Start of Exercise material

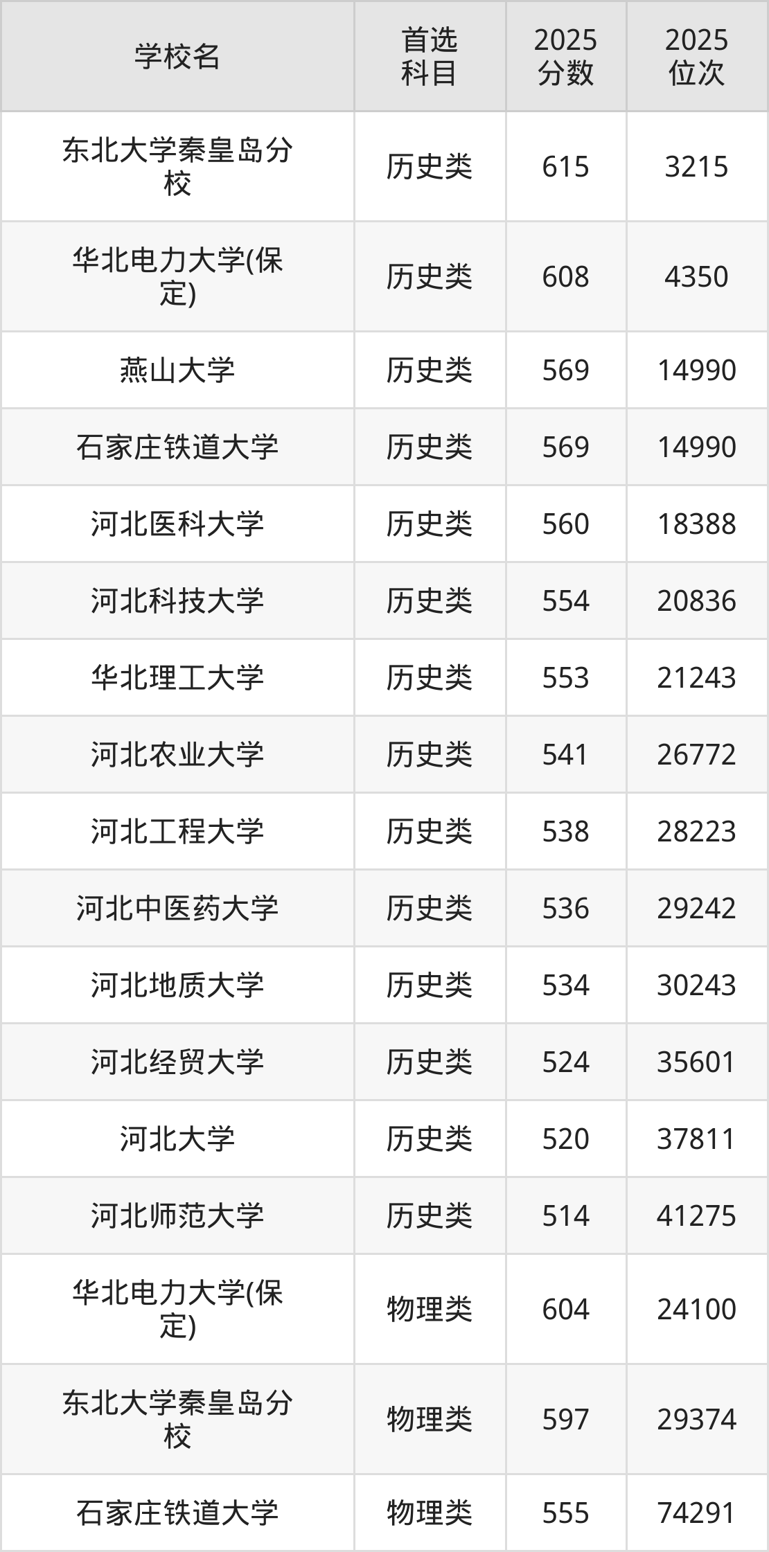2025年一共有14所一本大学在河北历史类招生,录取分数线从514分到615分不等,对应最低位次从41275名到3215名。下面分别展示河北省分数线最高、最低的五个院校。
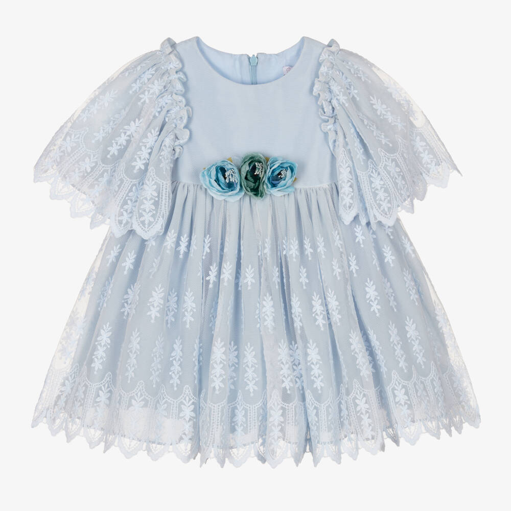 A gorgeous pale blue dress for little girls by Patachou, made in luxurious cotton tulle with a soft voile lining. Classically whimsical, this dress has a delicate floral embroidered pattern, with pretty faux flowers on the bodice. The concealed zip fastening is decorated with grosgrain ribbon trims for a pretty finishing touch.
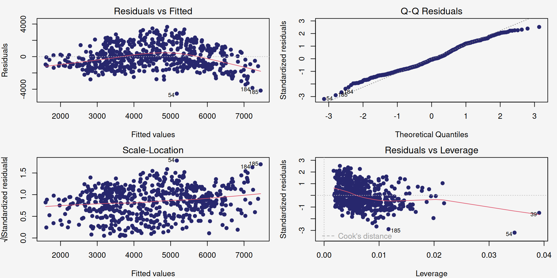 # Gráficos de diagnóstico do R basepar(mfrow =c(2, 2), bg ="#F5F5F5", mar =c(4, 4, 2, 1))plot(modelo, pch =20, col ="#27276d", cex =1.5)
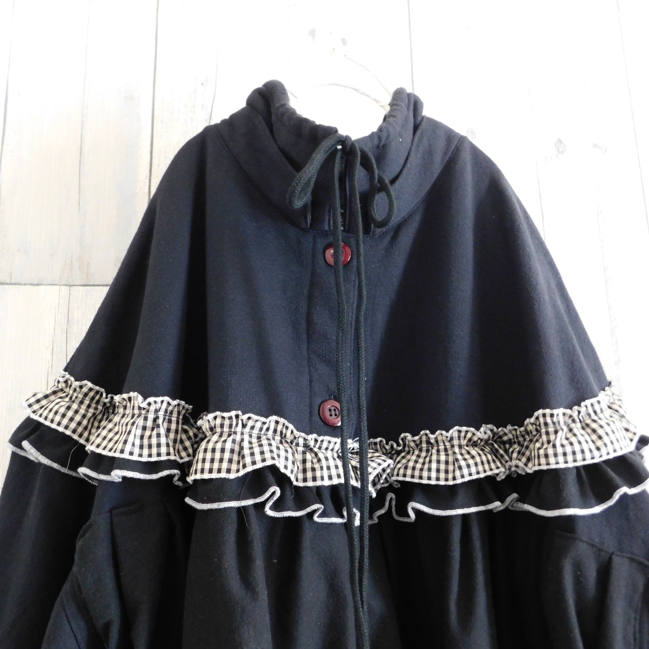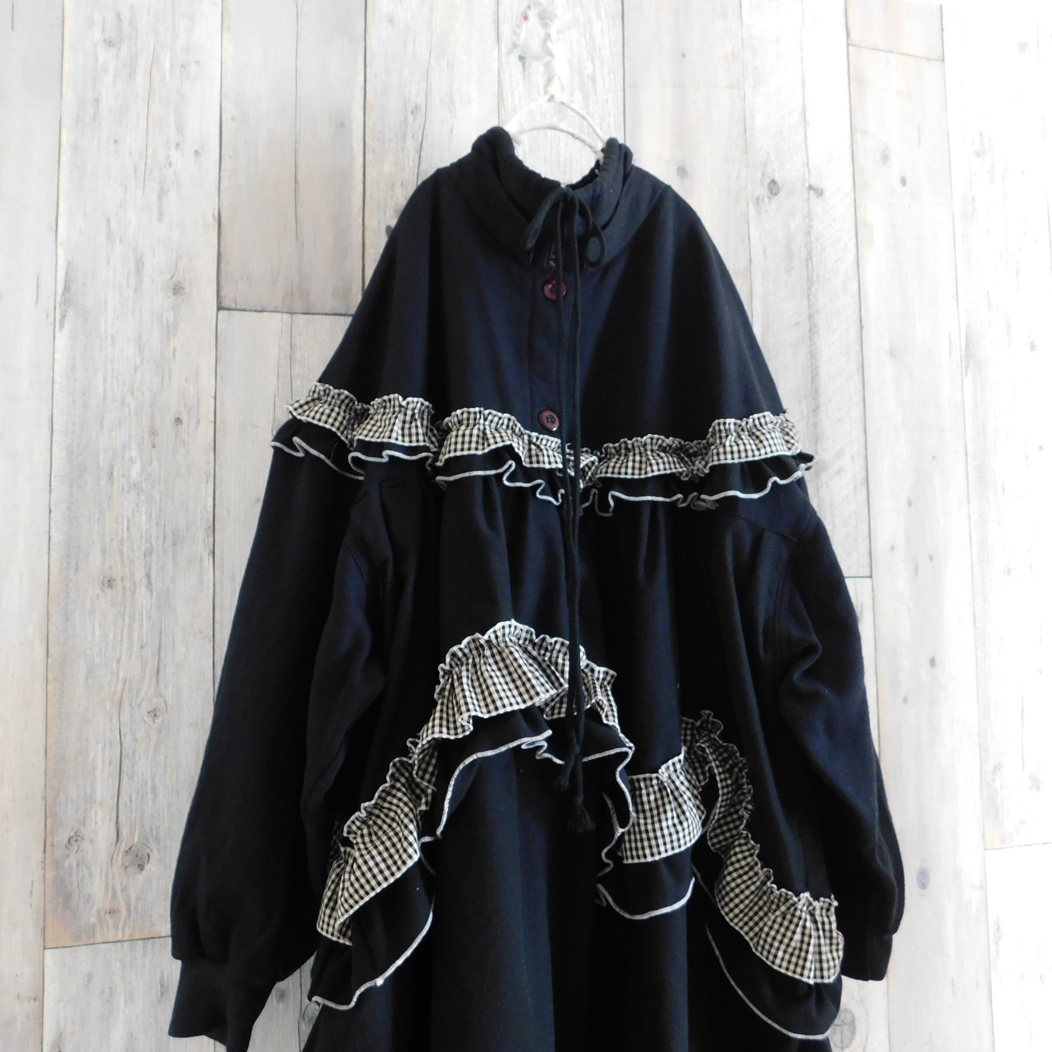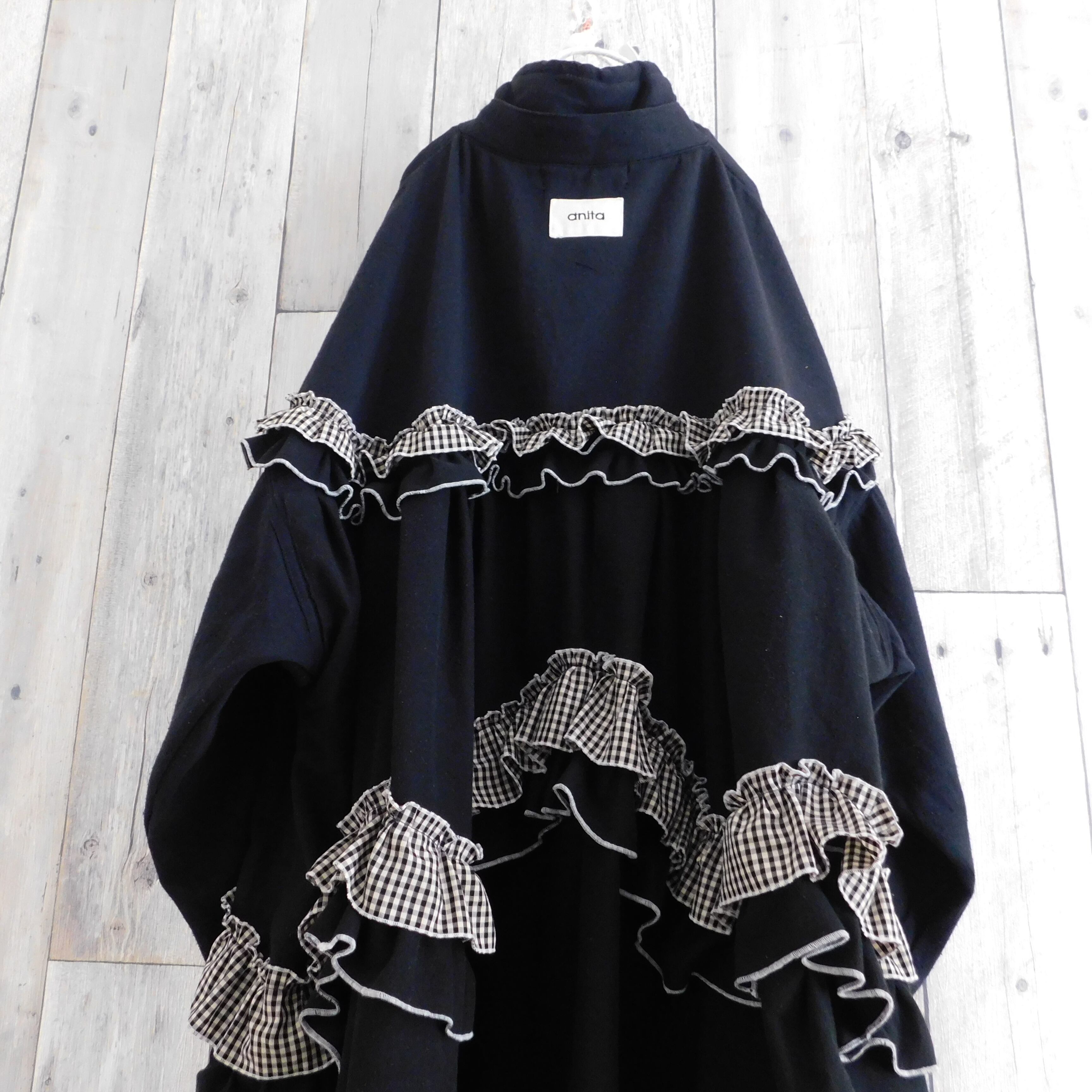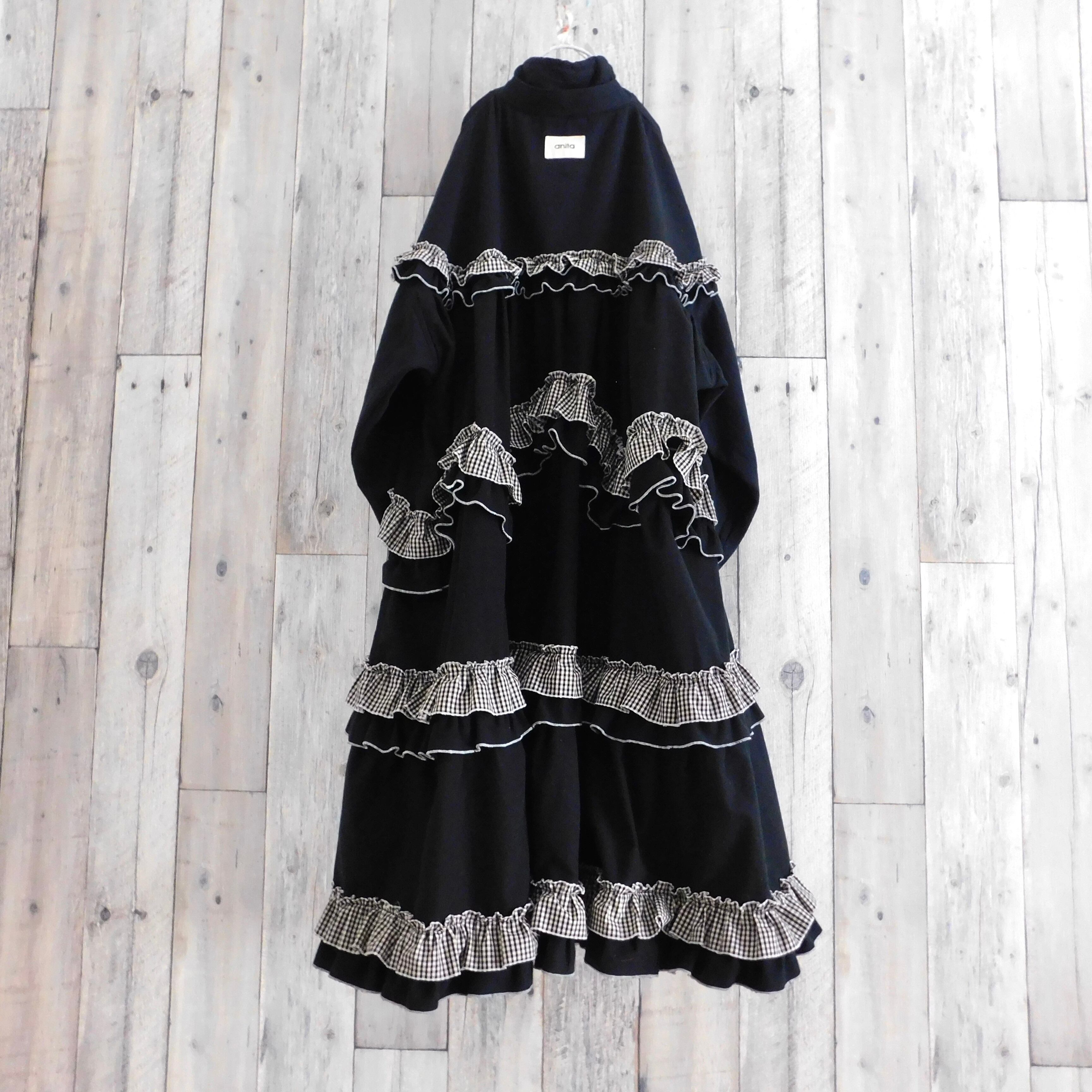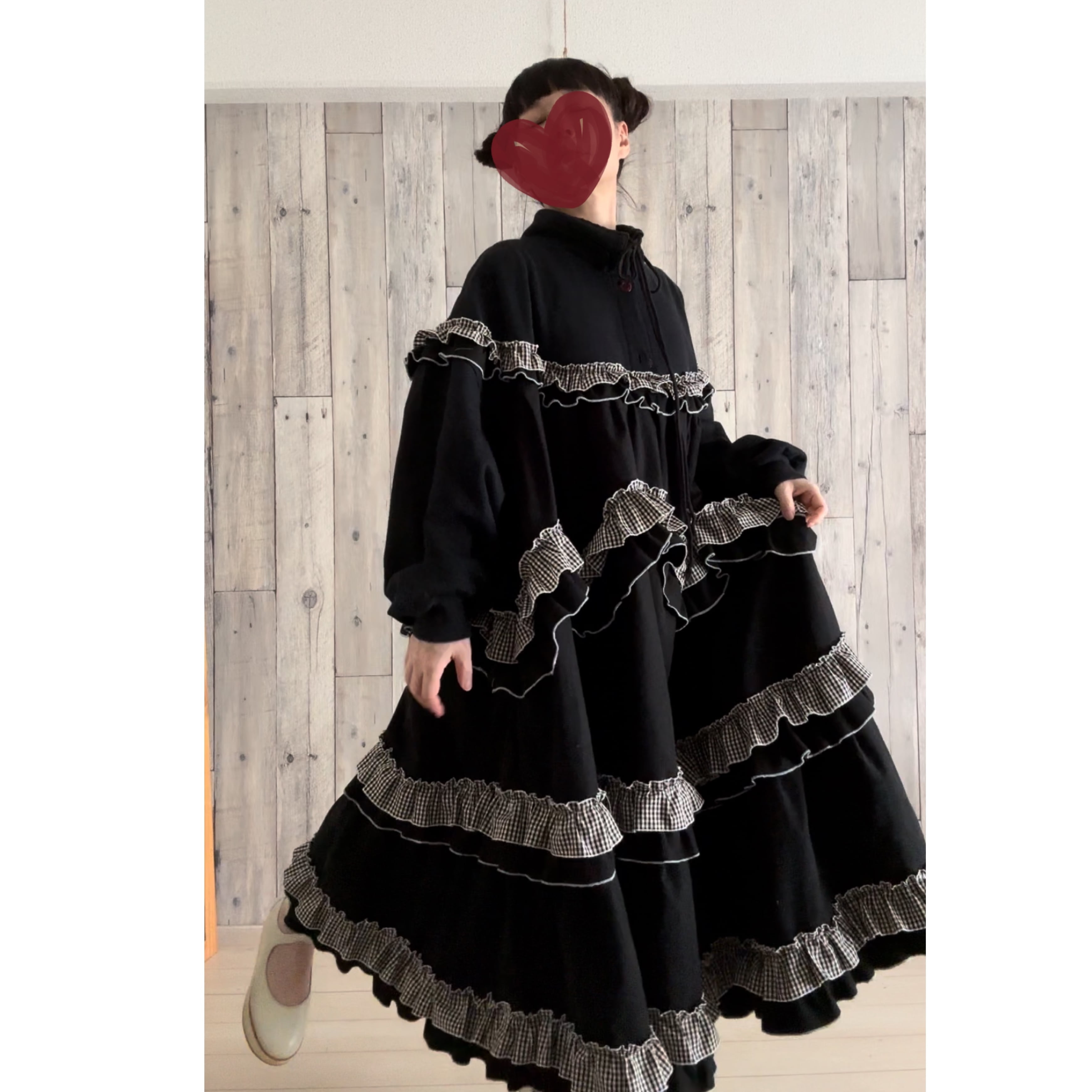 播州織のギンガム生地と2段重ねでたっぷりと装飾したフリルで落ち着いた色合いながらにインパクトのあるドレスとなります。
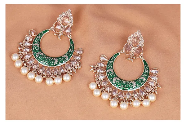 Green Gold T1 Filigree Design With Enamelled Meenakari Polki St1 Pearl Drop..More
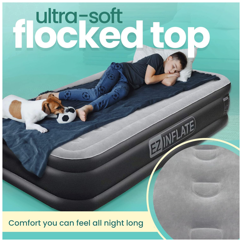 Cama Colchão Inflável Cama Bomba de Ar Embutida Luxo Duplo Altura 40 de Altura EZ INFLATE Preto
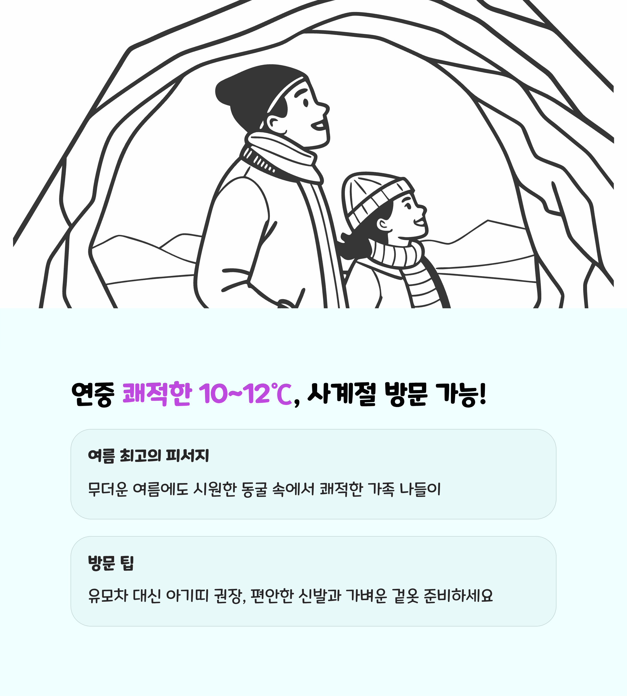 - 여름철 방문 시 가벼운 가디건을, 겨울철에도 동굴 내부는 크게 춥지 않으나 가벼운 겉옷 준비가 필요합니다.
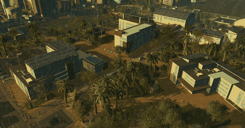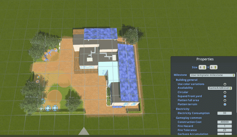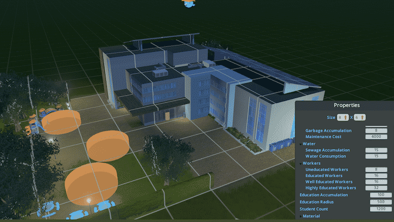 My idea was to build all types of schools and some other service buildings in similar style, so that they form a nice-looking campus area. All buildings have solar panels and therefore low energy consumption. They also use less water and produce less garbage than their vanilla counterparts.
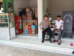 Sambangi Warga di Pertokoan, Bhabinkamtibmas Polsek Cikijing Sampaikan Pesan Kamtibmas
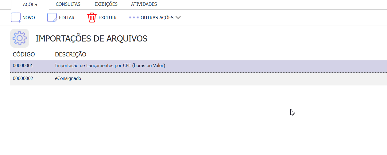 - Selecione e dê duplo clique sobre o IMPORTADOR DE ARQUIVO utilizado.
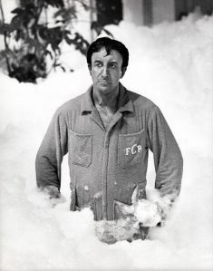 trabalha para o estúdio de Clutterbuck, Divot (Gavin MacLeod, 1931-2021). Divot está dando
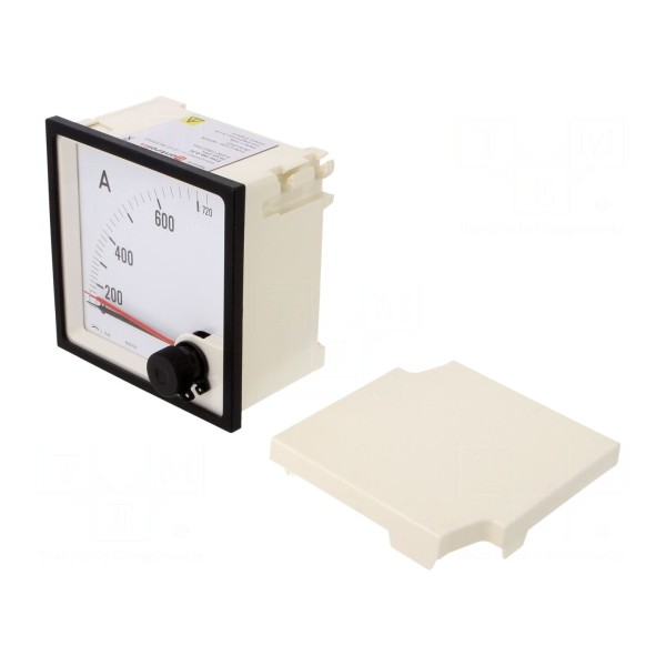 Ten analogowy amperomierz montażowy przeznaczony jest do pomiaru prądu przemiennego AC w zakresie od 0 do 600A oraz 960A. Urządzenie wykorzystuje metodę pomiaru pośredniego z przekładnikiem prądowym o prądzie wejściowym 5A lub 6A i pracuje w zakresie częstotliwości 50–60Hz. Miernik charakteryzuje się obsługą funkcji True RMS, co pozwala na precyzyjną ocenę wartości skutecznej prądu.

End of Exercise material

Your task:
Could you set down the material above word for word while dropping its pictures?

Task output:
2025年一共有14所一本大学在河北历史类招生,录取分数线从514分到615分不等,对应最低位次从41275名到3215名。下面分别展示河北省分数线最高、最低的五个院校。
 A gorgeous pale blue dress for little girls by Patachou, made in luxurious cotton tulle with a soft voile lining. Classically whimsical, this dress has a delicate floral embroidered pattern, with pretty faux flowers on the bodice. The concealed zip fastening is decorated with grosgrain ribbon trims for a pretty finishing touch.
 # Gráficos de diagnóstico do R basepar(mfrow =c(2, 2), bg ="#F5F5F5", mar =c(4, 4, 2, 1))plot(modelo, pch =20, col ="#27276d", cex =1.5)
 播州織のギンガム生地と2段重ねでたっぷりと装飾したフリルで落ち着いた色合いながらにインパクトのあるドレスとなります。
 Green Gold T1 Filigree Design With Enamelled Meenakari Polki St1 Pearl Drop..More
 Cama Colchão Inflável Cama Bomba de Ar Embutida Luxo Duplo Altura 40 de Altura EZ INFLATE Preto
 - 여름철 방문 시 가벼운 가디건을, 겨울철에도 동굴 내부는 크게 춥지 않으나 가벼운 겉옷 준비가 필요합니다.
 My idea was to build all types of schools and some other service buildings in similar style, so that they form a nice-looking campus area. All buildings have solar panels and therefore low energy consumption. They also use less water and produce less garbage than their vanilla counterparts.
 Sambangi Warga di Pertokoan, Bhabinkamtibmas Polsek Cikijing Sampaikan Pesan Kamtibmas
 - Selecione e dê duplo clique sobre o IMPORTADOR DE ARQUIVO utilizado.
 trabalha para o estúdio de Clutterbuck, Divot (Gavin MacLeod, 1931-2021). Divot está dando
 Ten analogowy amperomierz montażowy przeznaczony jest do pomiaru prądu przemiennego AC w zakresie od 0 do 600A oraz 960A. Urządzenie wykorzystuje metodę pomiaru pośredniego z przekładnikiem prądowym o prądzie wejściowym 5A lub 6A i pracuje w zakresie częstotliwości 50–60Hz. Miernik charakteryzuje się obsługą funkcji True RMS, co pozwala na precyzyjną ocenę wartości skutecznej prądu.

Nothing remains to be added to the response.